Вот письмо (которое вам читать необязательно, потому что это и правда нелегкое занятие. Вам повезло – вы можете сразу перейти к нашим заметкам, если хотите. Они написаны нормальным языком и следуют сразу за письмом).
Лерум, 3 декабря 1892 года
В первом письме я упомянул свою службу на инженерном поприще. Моя профессиональная жизнь в основном состояла из создания чертежей и последующего строительства улиц и мостов. Я никогда не тешился тихой семейной жизнью, поскольку так и не женился.
Вместо этого премного времени я употреблял на выполнение тайного задания. Речь идет об исследовании силы, которая называется подземными токами или земным излучением.

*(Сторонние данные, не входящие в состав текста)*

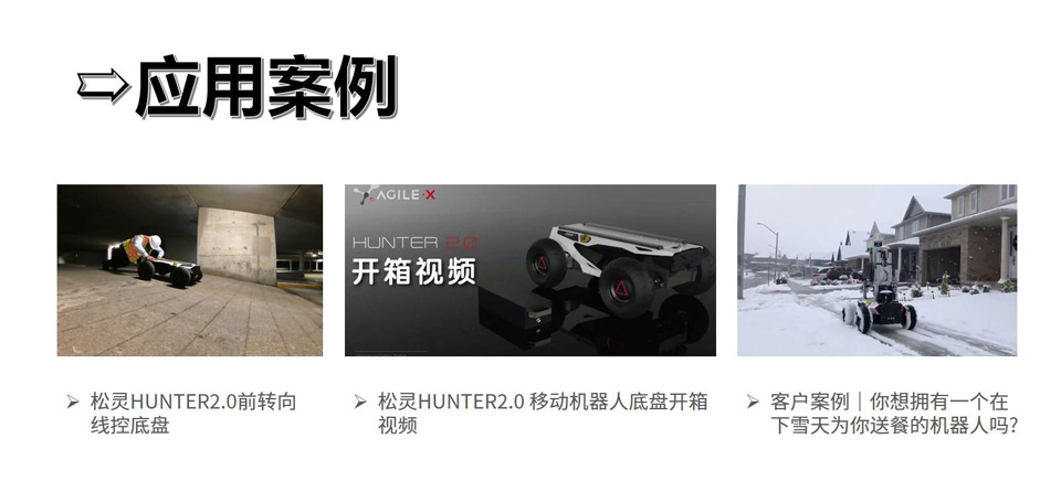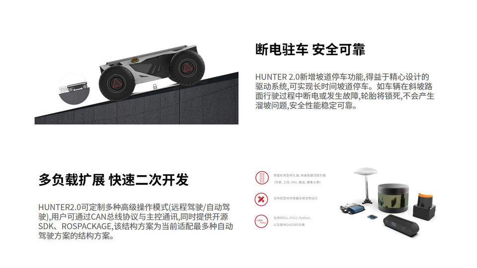 BFT机器人提供的松灵HUNTER 2.0为低速无人驾驶应用而诞生,前轮阿克曼转向结构,摇摆臂悬挂,轻松跨越各种道路障碍,动力系统全新迭代,拥有更强承载、续航能力,革命性电池仓设计,快速更换电池,配置CAN\232二次开发接口,标准安装组件,为移动机器人无人驾驶应用提供最佳移动解决方案。HUNTER2.0电池采用磷酸铁锤方案,配置灵活,可根据任务需要定制不同容量电池组。支持速度定制化升级。

Многие считают, что именно ее используют лозоходцы, находящие воду или металл при помощи лозы. Мое мнение, что это верно лишь отчасти. Земное излучение весьма редко и очень неполно описывается в научной литературе.
Для того чтобы представить отчет о моих мыслях и выводах по поводу земного излучения, я вынужден для начала упомянуть о тех обстоятельствах, которые пробудили у меня подобный интерес. Тем самым я смогу облегчить свою душу от груза, много лет отягощавшего мою совесть. Мой отчет выглядит следующим образом.

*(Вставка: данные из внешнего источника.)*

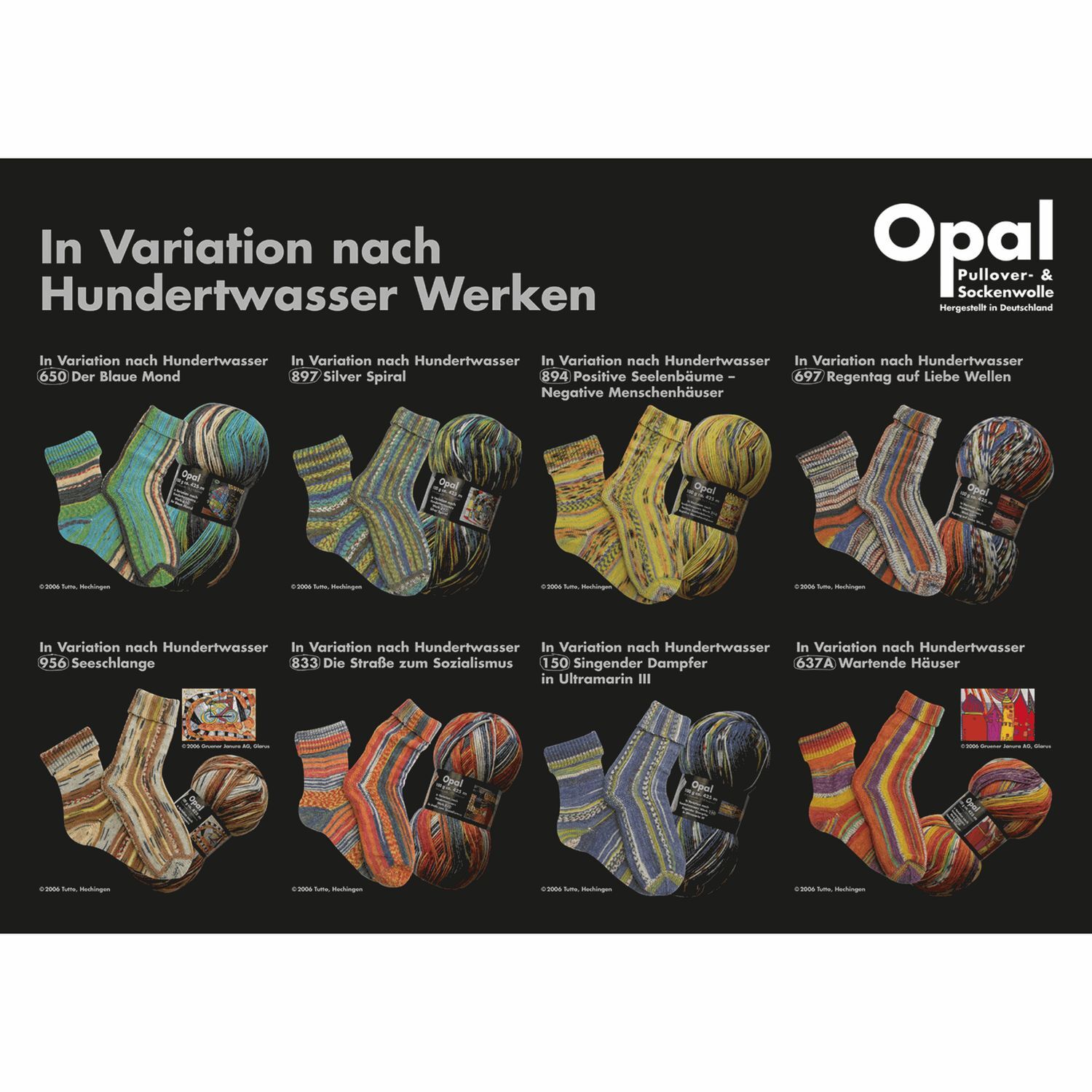 Фриденсра́йх Хундертва́ссер - австрийский живописец и архитектор. Компания Opal выпустила уже 4 коллекции пряжи вдохновленной его картинами.

Летом 1857 года я впервые в жизни совершил путешествие на поезде. Мне было тогда девятнадцать лет от роду, и я недавно стал студентом Инженерного училища Чалмерса. Скорость и эффективность железной дороги премного пленили меня, и после той первой поездки я с большой охотой проделал несчетное количество раз путь туда и обратно по только что уложенной ветке от Гётеборга до Йонсереда.

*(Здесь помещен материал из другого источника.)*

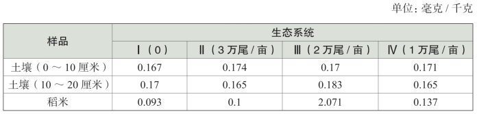 根据有关调查,试验稻田所在区域土壤的成土母质属于第四纪冲湖沼沉积物和湖积冲积物,质地为均质中壤,土壤中硒含量较高,可以生产富硒大米。因此,本次试验中对各处理组中的土壤和稻米分别取样分析,结果见表5。由表5可见,不同土层的硒含量没有显著差异,浓度在0.165~0.183毫克/千克之间,均值0.171毫克/千克,属于低硒土壤。各处理组土壤的硒含量也没有显著差异。处理Ⅰ、Ⅱ、Ⅳ产出的稻米中硒的含量差异不明显,浓度在0.093~0.137毫克/千克之间,均值0.110毫克/千克,属于富硒稻米。而处理Ⅲ在种植过程中施用了含硒的叶面肥,导致稻米硒浓度高达2.071毫克/千克,属于硒过量,存在食用不安全性的问题。从土壤浓度上分析,试验区土壤低硒,由于该区域的土壤呈偏碱性,有利于土壤中的硒向农作物中转化,因此该区域产出的大米可以达到富硒标准,不需要额外施用硒肥。

Следует помнить, что в те времена дорога из Стокгольма в Гётеборг на лошадях занимала от четырех до семи дней, а не столько, сколько сейчас, благодаря современным средствам передвижения, – всего лишь 14 часов! Сколько пользы принесла железная дорога людям и стране!
Мне предстояло провести несколько недель лета у знакомого моего отца, некоего господина Экдаля, владевшего виллой возле Альмекэрр на юге Лерума. Предполагалось, что там я смогу подготовиться к новому учебному году и далее следить за работами по строительству железной дороги в сторону Стокгольма. Я с нетерпением ждал этого момента. Сотни людей работали там на укладке рельсов под началом известного и весьма уважаемого инженера Нильса Эрикссона.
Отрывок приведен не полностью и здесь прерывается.